#### Exercise requirements
Write out exactly, and only, the lines below from the line with "BUILD IT! JUMP" through the line with "Sleeping Beauty, Hercules"; pictures do not belong in the copy.

Start of Source material

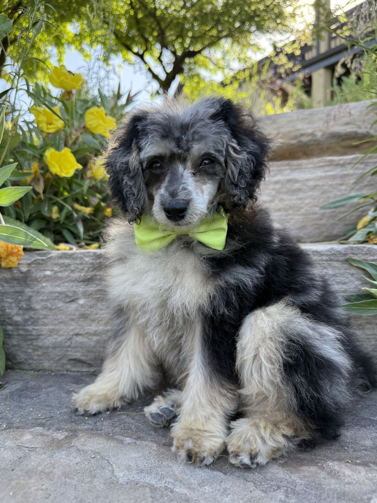 Color: Blue Merle Phantom with Tan Points Health: Embark Clear Exceptional Genetic Profile Ee – carries cream, FF (Fully Furnished) – guarantees doodle-friendly coats atat (Phantom) – rich, uniform point expression, KyKy – allows agouti expression, Ssp – parti carrier Bb – chocolate carrier, M*m – merle with potential for blue eyes, Coat Type: CT – soft, wavy, plush texture ideal for F1b and multigen doodles
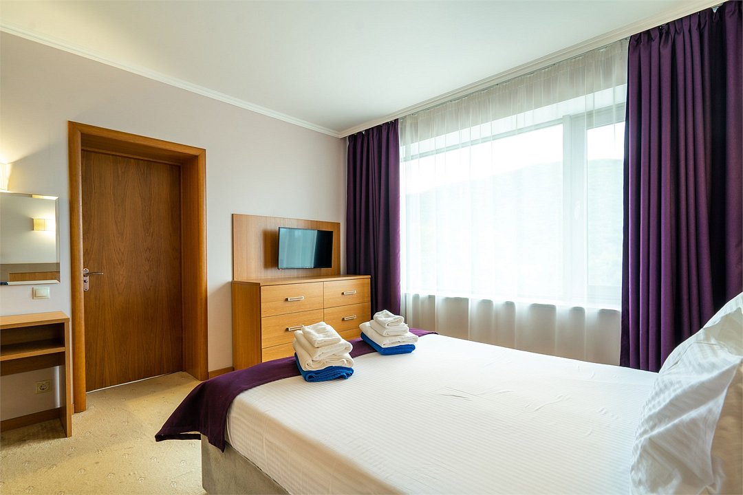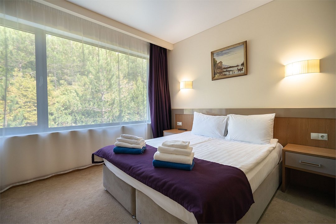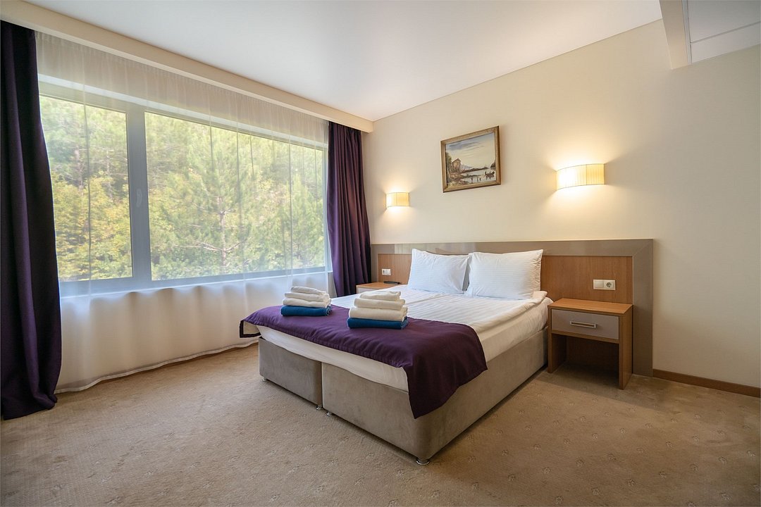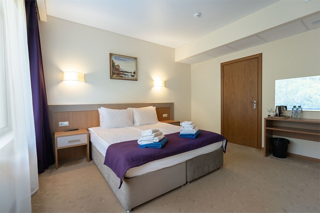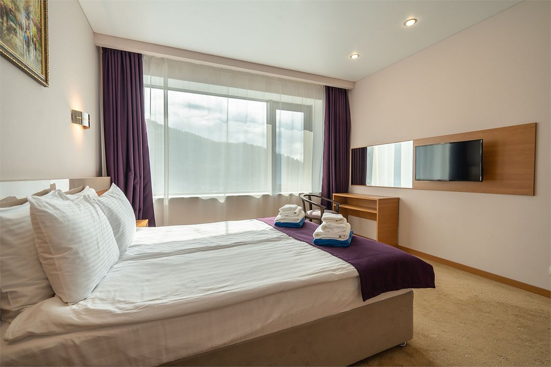 телевизор, кабельное телевидение, Wi-Fi, фен, электронные замки, ванная комната, тапочки, балкон, две односпальные или большая двуспальная кровать, диван, шкаф для одежды, зеркало, чайный набор, обслуживание номеров, сейф, чайник, унитаз, раковина, ковровое покрытие, душ, стаканы, туалетный столик, стул, туалетный столик, мини-холодильник, вид на горы, номер для некурящих, уборка номера, услуги прачечной (платно), СПА, мылоВ номере
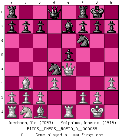 Last move : 0-1 2008 March 12 3:56:35 [Event "FICGS__CHESS__RAPID_A__000038"] [Site "FICGS"] [Date "2008.01.27"] [Round "1"] [White "Jacobsen,Ole"] [Black "Malpalma,Joaquim"] [Result "0-1"] [WhiteElo "2093"] [BlackElo "1916"] 1.e4 e5 2.Nf3 Nc6 3.Bc4 Nf6 4.d3 Be7 5.O-O O-O 6.Bb3 d5 7.exd5 Nxd5 8.Re1 Bg4 9.h3 Bxf3 10.Qxf3 Nd4 11.Qe4 Nf6 0-1 This chess game has been lost on time (started : 2008.01.27 18:33:27) Two knights defense (Modern Bishop's Opening) Kingside Castling by player White (move 5) Kingside Castling by player Black (move 5) Player Black won this chess game. Follow this game move after move (download)The older I grow, the more I value Pawns. (Keres) Es hat in meinem Leben Zeiten gegeben, da ich sehr nahe daran war zu glauben, daß ich auch nicht eine einzige Schachpartie verlieren könnte. (José Raúl Capablanca) Existen dos clases de sacrificios: los correctos y los míos. (Mikhail Tal) A ce moment-là, je menaçais de comprendre la position ! (Clément L'Heureux) Knowledge will give you power, but character respect. (Bruce Lee)
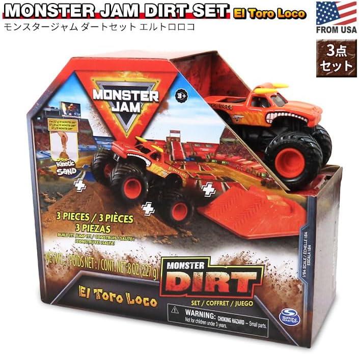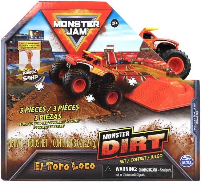 BUILD IT! JUMP IT! DO IT AGAIN! Introducing the Monster Jam Monster Dirt Set! From the makers of Kinetic Sand comes life-like Monster Dirt that mimics real Monster Jam conditions! This gritty starter set adds a new level of fun and a whole new way to play with all your favorite Monster Jam trucks. Mold, build, and jump over realistic dirt ramps with a 1:64 scale El Toro Loco die-cast Monster Jam monster truck! This lean, mean, Monster Jam machine is a must-have for your monster trucks collection, with authentic details and graphics and BKT Tires! Use the included launch ramp mold right out of the box or use it mold and build your own Monster Dirt ramp for fast, high-flying action! When you're not playing, the launch ramp doubles as a storage container. Monster Jam monster truck toys are the perfect gifts for kids ages 3 and up. Start your own Monster Jam event with the Monster Dirt Set!
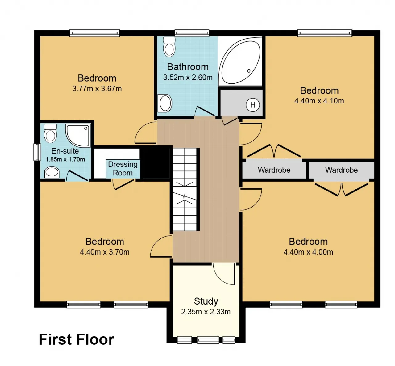 On the first floor there are 4 double sized bedrooms. The main bedroom has an ensuite shower room and a walk in wardrobe. The other 3 bedrooms are served by a fully tiled family bathroom with a large jacuzzi bath. There is a study, which is ideal for anyone working from home taking advantage of the fibre to the home broadband available. On the second floor there is an additional bedroom, a storage room and large landing area, that is a great spot for a bit of gaming.
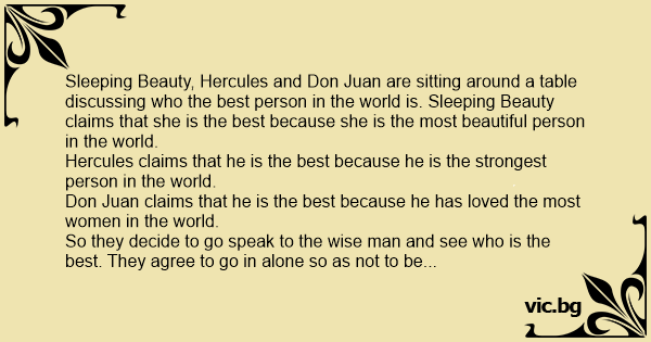 Sleeping Beauty, Hercules and Don Juan are sitting around a table discussing who the best person in the world is. Sleeping Beauty claims that she is the best because she is the most beautiful person in the world.
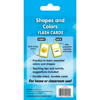Teach and review shapes and colors individually, in groups, or with the whole class! Each flash card set contains a collection of full-color, high-interest student cards as well as instructions and tips for the teacher or parent, suggested activities, and additional blank cards. Each card has a hole in the top corner that can be fit with a ring or string to help with organization and storage. Additionally, each card has one corner that is shaped differently than the others. By lining up the non-rounded corners, the flash cards can quickly be faced in the same direction. When applicable, flash card sets include answers in small print on the reverse side of each card. Each card measures 3-1/8″ x 5-1/8″. Each set includes 56 double-sided cards.
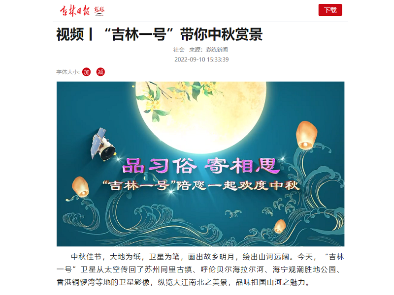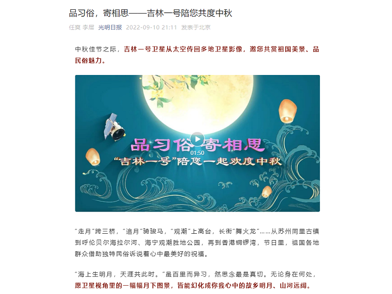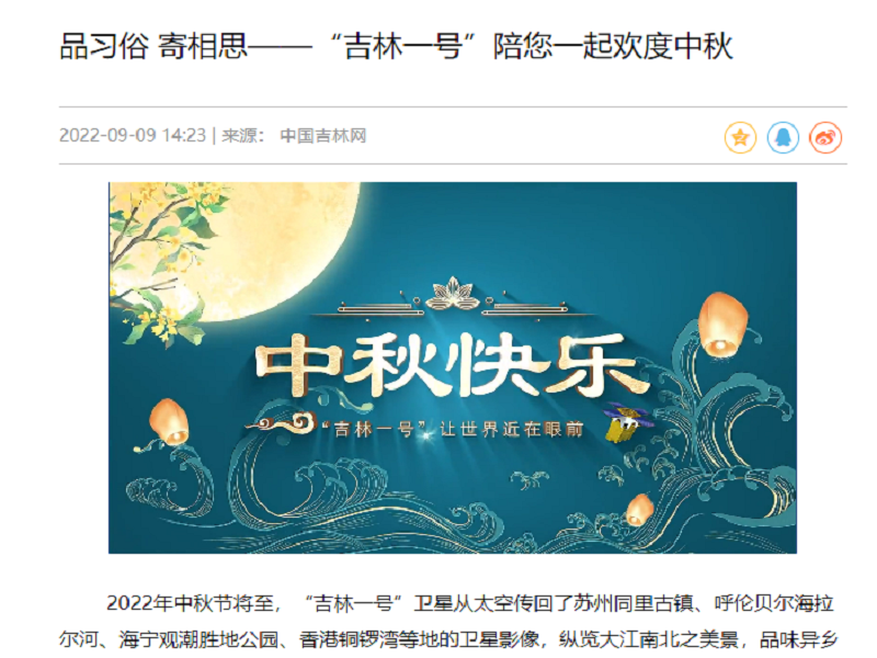 ● 光明日报-品习俗,寄相思——吉林一号陪您共度中秋 中秋佳节之际,吉林一号卫星从太空传回多地卫星影像,邀您共赏祖国美景、品民俗魅力。“海上生明月,天涯共此时。”虽百里而异习,然思念最是真切。无论身在何处,愿卫星视角里的一幅幅月下图景,皆能幻化成你我心中的故乡明月、山河远阔。 2022-09-10
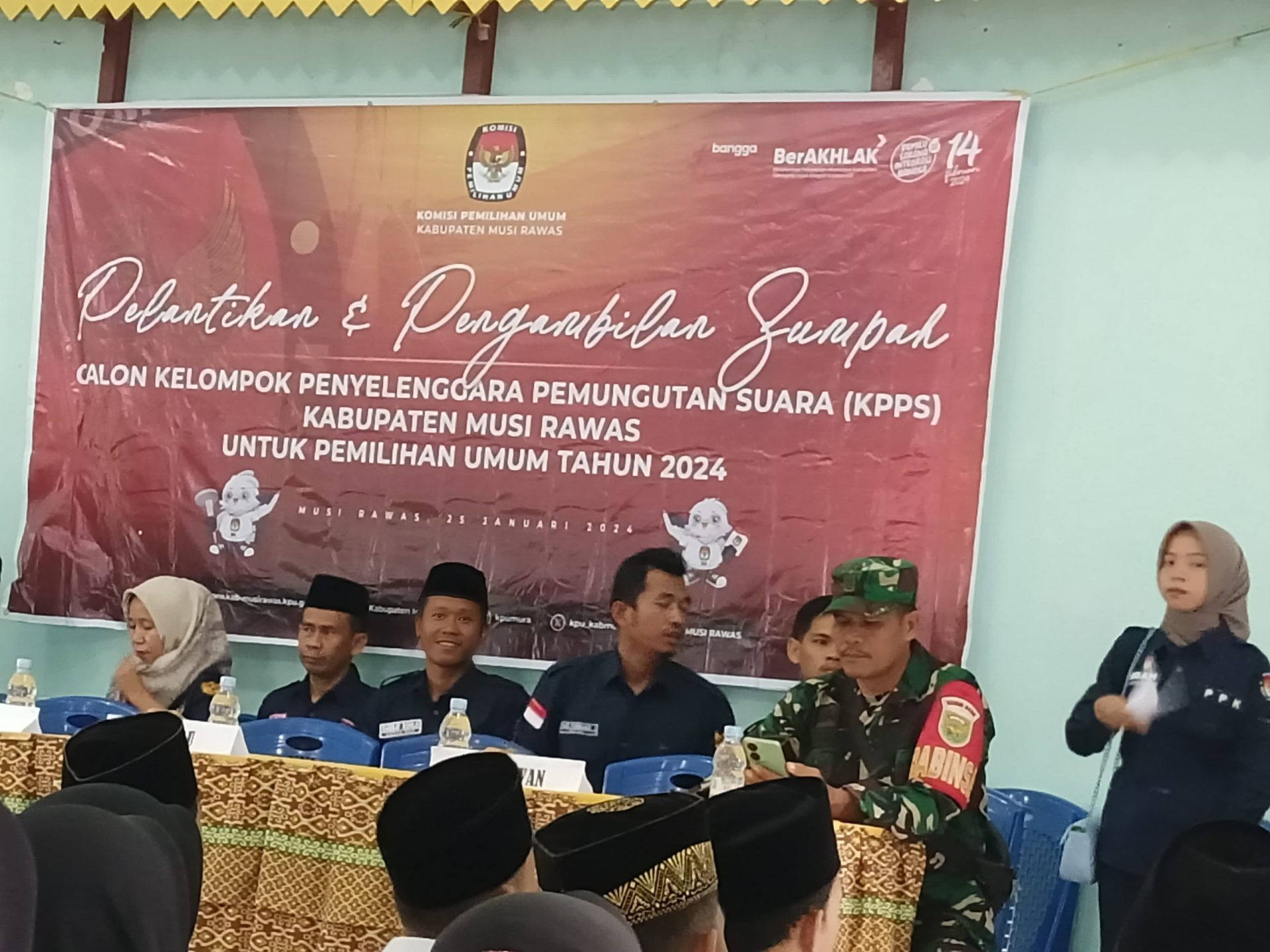 Lensa Garuda- Musi Rawas. Danramil diwakili oleh Babinsa Serka Argani menghadiri pelantikan dan pengambilan sumpah calon kelompok penyelenggara pemungutan suara KPPS kabupaten musi rawas untuk pemilihan umum tahun 2024 se-Kecamatan Tuah Negeri Kabupaten Musi Rawas. Kamis (25/01/2024).
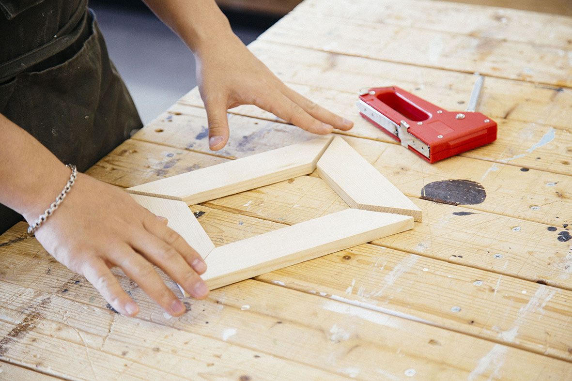 実はこちらの材料、すべてのカットが店舗内に構える「マイスター工房」で購入した木材をカットしてもらったもの。つまりはタッカー&ホッチキスと木材さえ用意してしまえば、フォトフレームが簡単にDIYできてしまうんです。ほかにも、曲線のカットなども対応してくれます。

End of Source material

#### Answer box
 BUILD IT! JUMP IT! DO IT AGAIN! Introducing the Monster Jam Monster Dirt Set! From the makers of Kinetic Sand comes life-like Monster Dirt that mimics real Monster Jam conditions! This gritty starter set adds a new level of fun and a whole new way to play with all your favorite Monster Jam trucks. Mold, build, and jump over realistic dirt ramps with a 1:64 scale El Toro Loco die-cast Monster Jam monster truck! This lean, mean, Monster Jam machine is a must-have for your monster trucks collection, with authentic details and graphics and BKT Tires! Use the included launch ramp mold right out of the box or use it mold and build your own Monster Dirt ramp for fast, high-flying action! When you're not playing, the launch ramp doubles as a storage container. Monster Jam monster truck toys are the perfect gifts for kids ages 3 and up. Start your own Monster Jam event with the Monster Dirt Set!
 On the first floor there are 4 double sized bedrooms. The main bedroom has an ensuite shower room and a walk in wardrobe. The other 3 bedrooms are served by a fully tiled family bathroom with a large jacuzzi bath. There is a study, which is ideal for anyone working from home taking advantage of the fibre to the home broadband available. On the second floor there is an additional bedroom, a storage room and large landing area, that is a great spot for a bit of gaming.
 Sleeping Beauty, Hercules and Don Juan are sitting around a table discussing who the best person in the world is. Sleeping Beauty claims that she is the best because she is the most beautiful person in the world.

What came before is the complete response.